Plaintiff-Debtor executed an installment sales contract and security agreement with defendant Branch Banking & Trust Company (“BB&T”) to finance an automobile purchase on February 8, 2005, and took possession of the automobile that same day. The title documentation and fees were received by the Letcher County, Kentucky clerk’s office on February 22. However, the county clerk did not stamp the documents as received and upload BB&T’s lien for recordation until March 7. Less than ninety days later, Debtor filed for Chapter 7 bankruptcy, and the bankruptcy trustee filed a complaint to avoid the lien of BB&T as a preferential transfer.
The Bankruptcy Court held that BB&T’s security interest was perfected on February 22, and that the “enabling loan exception” protected BB&T’s interest. The Bankruptcy Appellate Panel disagreed, holding that that BB&T’s interest was not protected by the exception because perfection occurred on March 7. The Sixth Circuit Court of Appeals affirmed.
Under Section 547(b) and (c) of the Code a “trustee may avoid certain transfers of interest in property that occur on or within 90 days preceding the filing date of the bankruptcy petition.” However, the “enabling loan exception” under Section 547(c)(3) protects a purchase money security interest if the security interest is perfected within 20 days after the debtor receives possession of the collateral.

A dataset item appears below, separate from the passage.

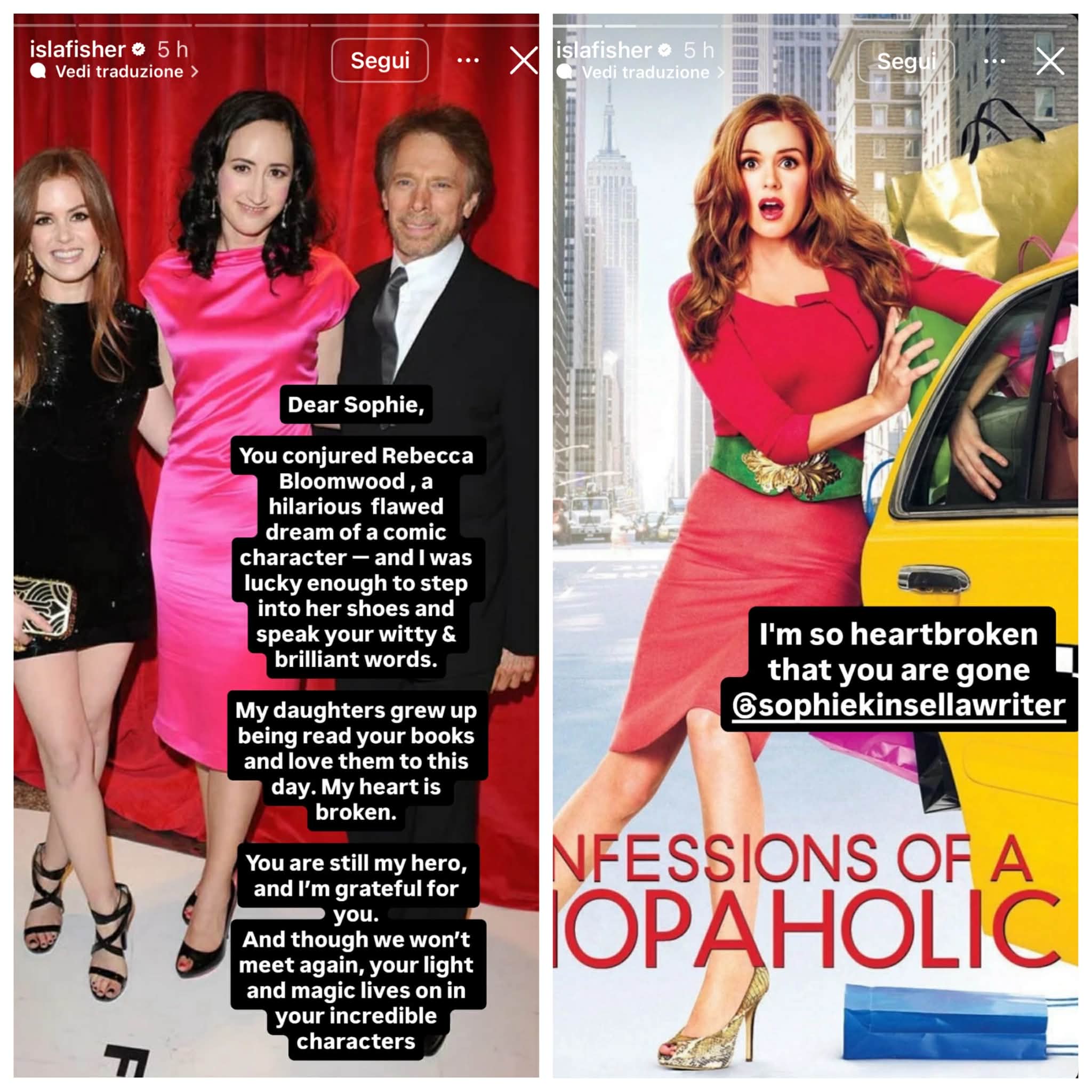 Ieri, a causa di un tumore al cervello, Sophie Kinsella è venuta a mancare circondata dai suoi affetti e Isla Fisher l’ha così ricordata sui social. “Cara Sophie, hai dato vita a Rebecca Bloomwood, un sogno comico di personaggio, esilarante e pieno di imperfezioni — e io sono stata abbastanza fortunata da poter entrare nei suoi panni e pronunciare le tue parole argute e brillanti. Le mie figlie sono cresciute leggendo i tuoi libri e li amano ancora oggi. Ho il cuore spezzato. Sei ancora la mia eroina e ti sono grata. E anche se non ci incontreremo di nuovo, la tua luce e la tua magia vivranno nei tuoi incredibili personaggi. Sono così devastata dal dolore che tu non ci sia più“. Il protagonista maschile del film, ovvero l’attore Hugh Dancy che ai tempi interpretò Luke Brandon, non usa i social e almeno pubblicamente non ha scritto niente su Sophie Kinsella.

Perfection of a security interest is determined by state law, and therefore the question before the Court was whether perfection of a security interest on a motor vehicle under Kentucky state law “require[s] physical notation on the actual certificate of title as ultimately issued by the county clerk, or is perfection accomplished as and when the required paperwork and fee are submitted to the county clerk?” Upon certification to the Kentucky Supreme Court, that Court concluded that “final perfection of a vehicle lien does not occur until physical notation is made on the title.” Johnson v. Branch Banking & Trust Co., -S.W.3d-, 2010 WL 2470849, at *1 (
Accordingly, the Sixth Circuit held that because perfection did not occur within 20 days after Debtor received possession of the truck, the enabling loan exception of Section 547(c)(3) did not protect BB&T’s interest from avoidance as a preferential transfer.